From Bugzilla Helper: User-Agent: Mozilla/5.0 (X11; U; Linux i686; en-US; rv:1.7.2) Gecko/20040805 Netscape/7.2 Description of problem: I have an application that forks a new process which creates 2 child threads that are in an infinite loop. The application PTRACE attaches to the new process and its threads. The main thread sits and waits forever in a pthread_join. From the parent process of the fork, I send a kill (SIGSTOP) to the child process (aka the parent thread of the child threads) and the parent process waits in a poll() call for a SIGCHLD to interrupt it. A SIGCHLD occurs and a loop of waitpid NOHANG gets SIGSTOP events for the main thread and sometimes one of the child threads.

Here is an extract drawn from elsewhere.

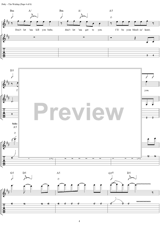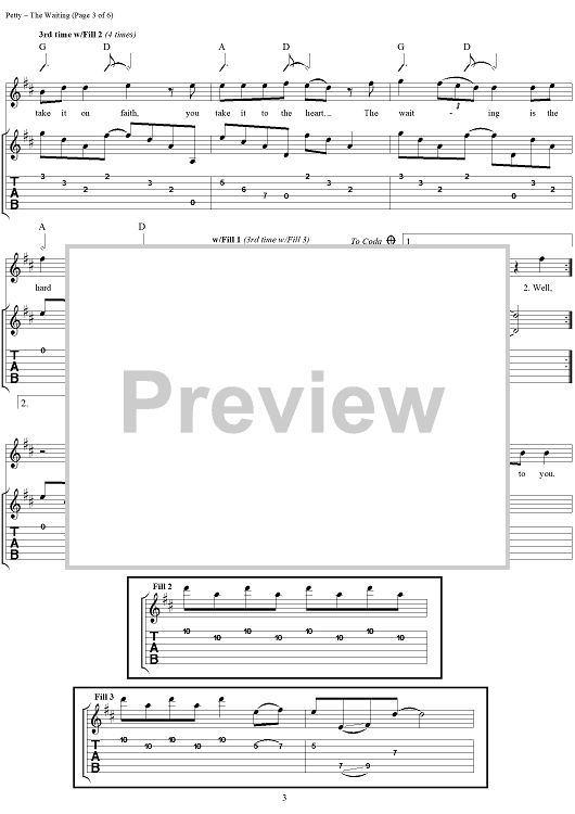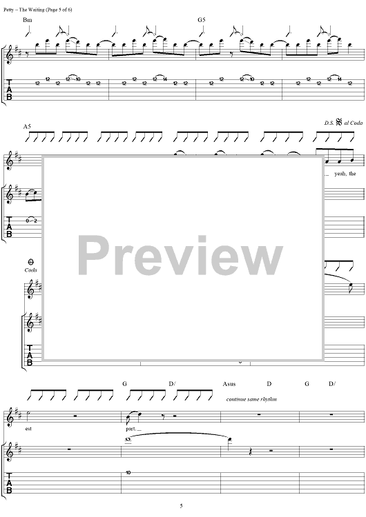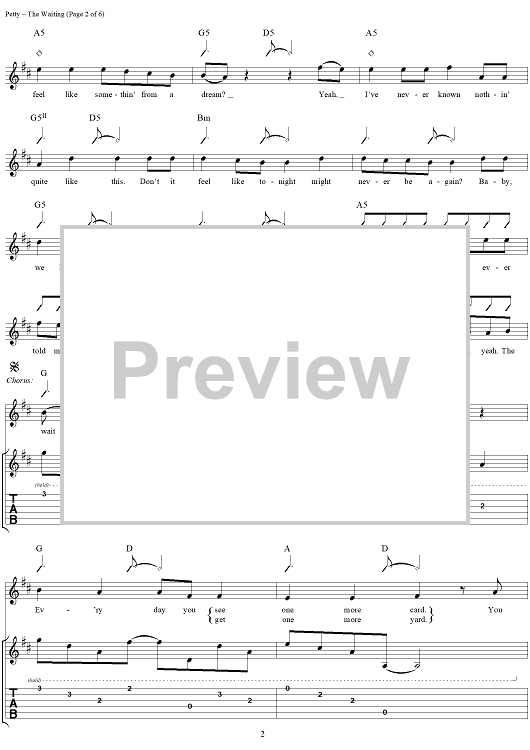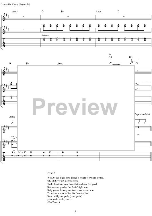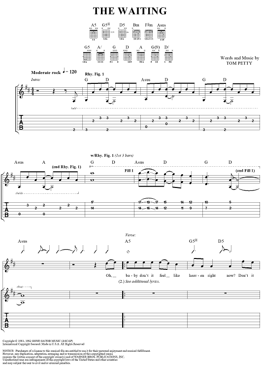 Digital Sheet Music for The Waiting by Tom Petty scored for Guitar Tab/Vocal; id:113789
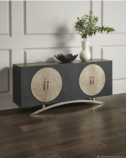 Комод Сourt изготовлена вручную из массива, твердых пород дерева, массива чёрного дерева и металла. Ручки изготовлены из металла в виде капли. На фасадах представлено необычное дизайнерское решение. Металлические круги с фактурным рисунком. Металлическое подстолье в виде арки дополняет изделие и придает ему легкость.

All of the child threads are not stopped and this is verified by looking at /proc. It is not a timing issue as the stopped was not delivered after an hour. Version-Release number of selected component (if applicable): kernel-2.6.9-10.ELsmp How reproducible: Always Steps to Reproduce: 1.Compile attached test case: gcc -g TestFailure.c -lpthread 2.Run test case ./a.out 3.Wait for it to hang and then look at /proc/xxxx/task/yyyy/status for all 3 threads listed Actual Results: Only 1, maybe 2 stop events occur after the kill (pid, SIGSTOP). All three threads are not stopped. Expected Results: The SIGSTOP should have been broadcast to the main thread and all child threads. Using tkill to individually stop the threads does work. Additional info:
Created attachment 115173 [details] TestFailure.c test case
Test also fails on FC4: 2.6.11-1.1238_FC4smp
Created attachment 263751 [details] Comment 1 attachment fixed up. Resolved as NOTABUG by a knowledge from Roland: Process under ptrace(2) no longer stops completely by a single SIGSTOP, under ptrace(2) SIGSTOP applies only to a single task of the process group. F8 kernel (kernel-2.6.23.1-42.fc8.x86_64) behaves for me also according to the Comment 0 field `Actual Results' and not according to its `Expected Results'. The F8 kernel behaves right in this respect as it behaves the same as RHEL-4 kernels in this respect and these behave the same se kernel.org/upstream kernels in this respect. kernel.org/upstream kernels define the ptrace(2) behavior according to Roland. :-) Therefore F8 kernels are correct. The ptrace(2) behavior may be scary but there are possibilities how to code the userland to reach any desired goals. Fixed up the testcase to avoid any races in it and to behave according to the Comment 0 field `Expected Results'. The testcase modifications were made DIFF-friendly. My testcase uses tkill(2) as it is the only safe way how to target specific task of a process group by a signal. Even the upstream GDB kill_lwp() implementation uses tkill(2). log: Attaching 21358 stop event 19 on <21358> continuing first stop lwpid is 21358 lwpid is 21359 Attaching 21359 stop event 19 on <21359> continuing first stop lwpid is 21360 Attaching 21360 stop event 19 on <21360> continuing first stop About to kill main thread stop event 19 on <21358> stop event 19 on <21359> stop event 19 on <21360> Manually check to see what threads are stopped. [hang] and now $ grep Stat /proc/{21358,21359,21360}/status /proc/21358/status:State: T (tracing stop) /proc/21359/status:State: T (tracing stop) /proc/21360/status:State: T (tracing stop)